J'avoue que je craignais de lire un roman trop additionné d'eau de rose et au style plat. Mais suite aux critiques élogieuses que j'ai pu lire sur Babelio (et la présence de la trilogie à la médiathèque...), je me suis lancée. Et je n'ai pas regretté l'aventure. Si les affaires de coeur occupent les personnages de l'histoire, celle-ci ne tourne pas uniquement autour de ce thème et déploie moult ressorts qui rendent la lecture de ce bon pavé follement addictive.

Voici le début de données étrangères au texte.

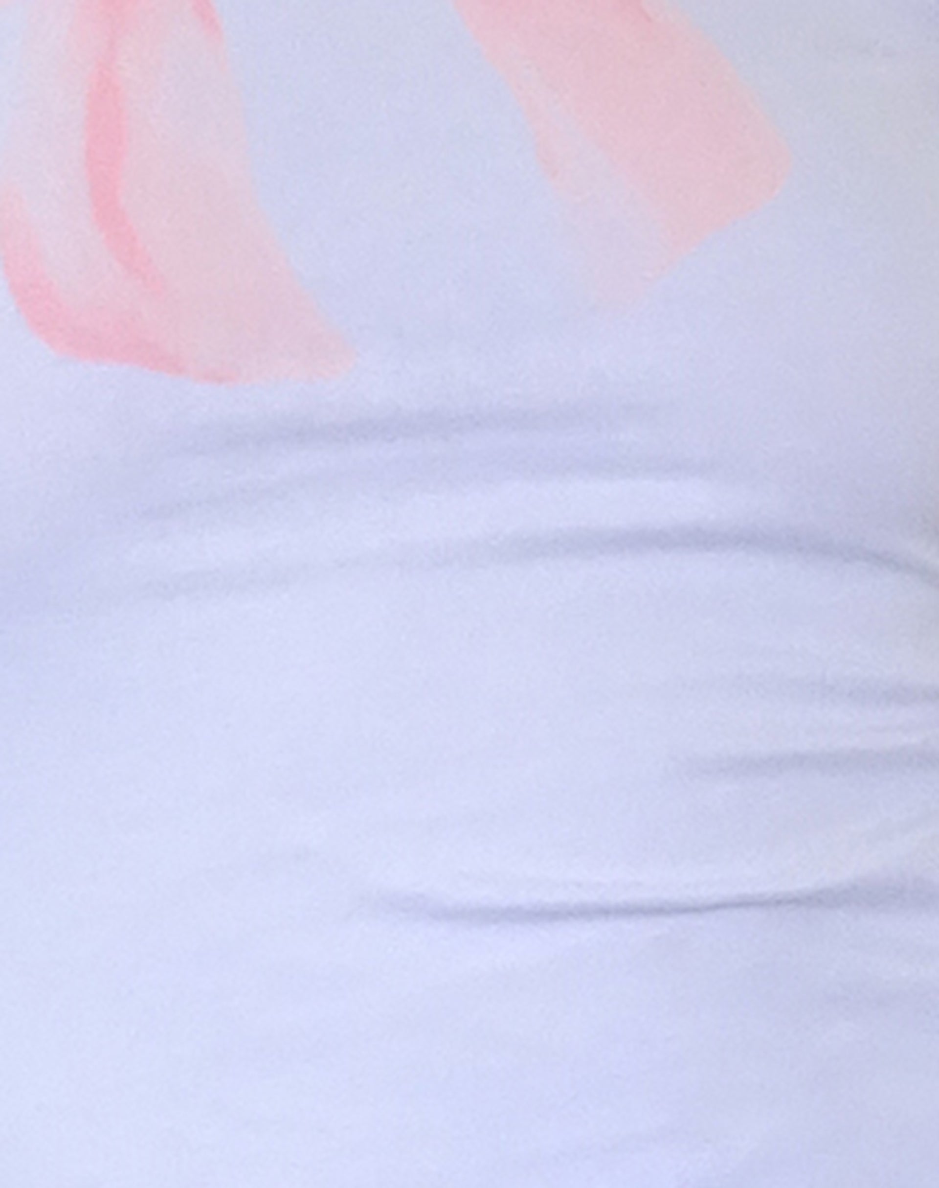 In a white jersey fabric, the Sutin tee features short sleeves, a crew neckline and a slim fit with a bow graphic in pink. Paired with our Roomy jean.

Les descriptions de cette terre australe donnent envie de s'y rendre, celles de l'organisation des fermes moutonnières sont très intéressantes à suivre et les rapports avec les tribus maoris montrent comment les kiwis - surnoms qu'elles donnent aux immigrants britanniques - ont imposé leur vision et leurs conditions à ce peuple.
Si la trame générale de l'intrigue suit Hélène la réservée préceptrice anglaise partie chercher un mari en Nouvelle-Zélande et Gwyneira la cadette d'un gentleman farmer gallois fiancée au fils de l'un des barons du mouton de l'archipel, Sarah Lark étend son propos en rapportant l'évolution de la colonie au fil des décennies. Elle offre ainsi une profondeur historique à la saga familiale.
Comme je l'ai dit plus haut, des femmes extraordinaires tiennent les fils du recit, quil s'agisse des principales, Hélène et Gwyneira, mais aussi Daphné et Marama. Elles surmontent avec courage, résignation ou obstination selon leur caractère les codes rigides imposés aux femmes à cette époque par les hommes et autres garantes des bonnes moeurs et de la correction distinguée. Sarah Lark met en scène des figures qui s'efforcent de vivre leur vie sans se laisser imposer un carcan inextricable. A quel prix parfois...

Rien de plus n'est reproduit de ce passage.